Showing posts with label decent unemployments. Show all posts
Showing posts with label decent unemployments. Show all posts

Wednesday, November 29, 2017

We need to restate productivity, real salaries, unemployment and GDP, to account for the many “working hours” spent consuming distractions.

In Bank of England’s “bankunderground" blog we recently read: “With the rise of smartphones in particular, the amount of stimuli competing for our attention throughout the day has exploded... we are more distracted than ever as a result of the battle for our attention. One study, for example, finds that we are distracted nearly 50% of the time.”

And on a recent visit to a major shop in the Washington area, thinking about it, I noticed that 8 out of the 11 attendants I saw were busy with some type of activity on their cellphones, and I seriously suspect they were not just checking inventories.

The impact of that on productivity, with less effective working time is being put into production, could be huge.

Also, going from for instance a 10% to a 50% distraction signifies de facto that full time or paid by the hour employee’s real salaries have increased fabulously.

And what about the real employment rate if we deduct the hours engaged in distractions? A statistical nightmare? Will we ever be able to compare apples with apples again?

And how should all these working hours consumed with distractions be considered in the GDP figures?

It behooves us to make certain how we measure the economy gets updated to reflect underlying realities. 

Perhaps then we are able to understand better the growing need for worthy and decent unemployments.

Perhaps then we are able to better understand the need for a Universal Basic Income, not as to allow some to stay in bed, but to allow everyone a better opportunity to reach up to whatever gainful employments might be left, like those “low-wage jobs” that it behooves us all, not to consider as “low value jobs”

PS. When you buy a web driven distraction you usually pay one amount… but your consumption of the distractions could be one hour per month or 300 hours per month, a difference that seems not to be considered anywhere.

@PerKurowski

Thursday, November 10, 2016

Canada: A Universal Basic Income, should never be more than a step-ladder to help reach up to the real economy.

Had Venezuela’s oil revenues over the last 15 years been distributed directly to the Venezuelans by means of a (in this case a variable) Universal Basic Income (UBI), instead of by redistribution profiteers, the poorest of my homeland would have received at least six times more of it, and the country would not be so close to being a totally failed state.

Be sure, the best way to increase the efficiency of our citizen-to-citizen solidarity, everywhere, is to avoid the redistribution profiteers’ tolls.

I am not a Canadian but I have two Canadian granddaughters, and so I have a vested interest in Canada’s future. I firmly believe that a UBI is a very important tool in order to meet many actual and future social and economic challenges.

But the number one objection to a UBI, and which your local redistribution profiteers will try to argue in order to keep their franchise, is that it could reduce the willingness for work.

In this respect, and referring to Andre Picard’s “Basic income is not just about work, it’s about health” Globe and Mail, November 8, I believe that the UBI to be tested, should not be set as is proposed as 75% of low income measure before tax (LIM-BT), $1,320, but as a percentage of the salary you could obtain working, for instance 60% at the minimum salary level. As I calculate it, that would yield $1,100.

For me the biggest benefit of UBI is as a step-ladder that facilitates reaching up to that gig-economy that seems to have arrived as a fixed feature.
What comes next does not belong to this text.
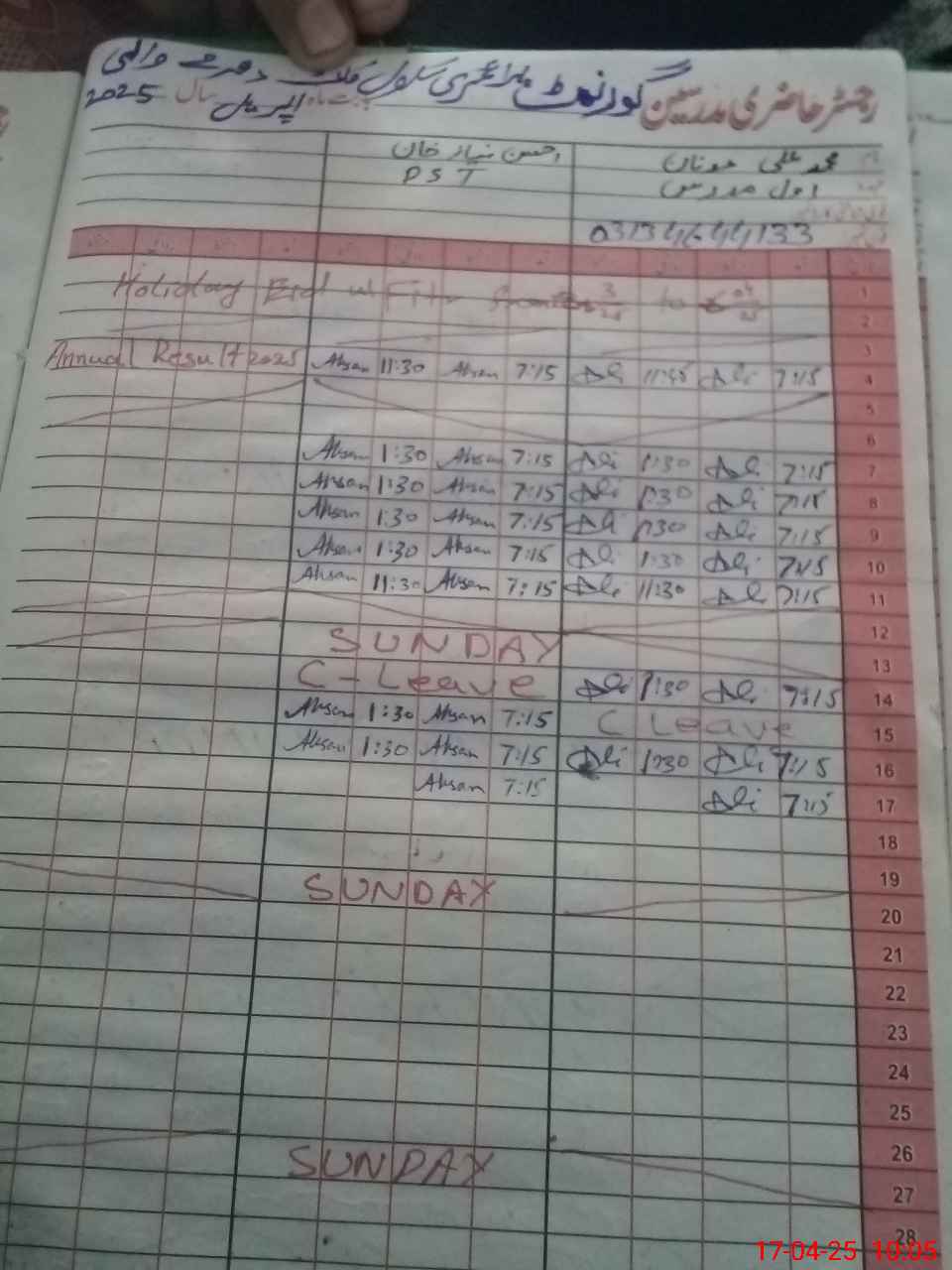 | 31**** | Mu**** Mu**** | PST | Regular | 0 | 0 | 0 | 0 | 0 | 0 | 0 | 0 | 0 | Exam Duty |

We do need worthy and decent unemployments.

UBI should never be seen as lifting anyone out of poverty but allowing millions to lift themselves out of poverty.

UBI has much less to do with human rights, "doing good", than with an intelligent society organizing itself for challenging times, "doing smart".

UBI should always be a beautiful citizens to citizens affair. At no moment should it be soiled by referring to it as a government handout. 



Of course UBI has to be funded with real money, no cheating paying it with inflation or public debt. Besides natural savings in the redistribution costs, one interesting alternative is the use of revenues from high carbon taxes. That would align the incentives between the fights for a better environment and against inequality.

PS. Joking but not really joking: Perhaps a payroll tax on robots and driverless cars could also be used as funding mechanism; that would also help us humans workers to be able to compete on a more level playing field.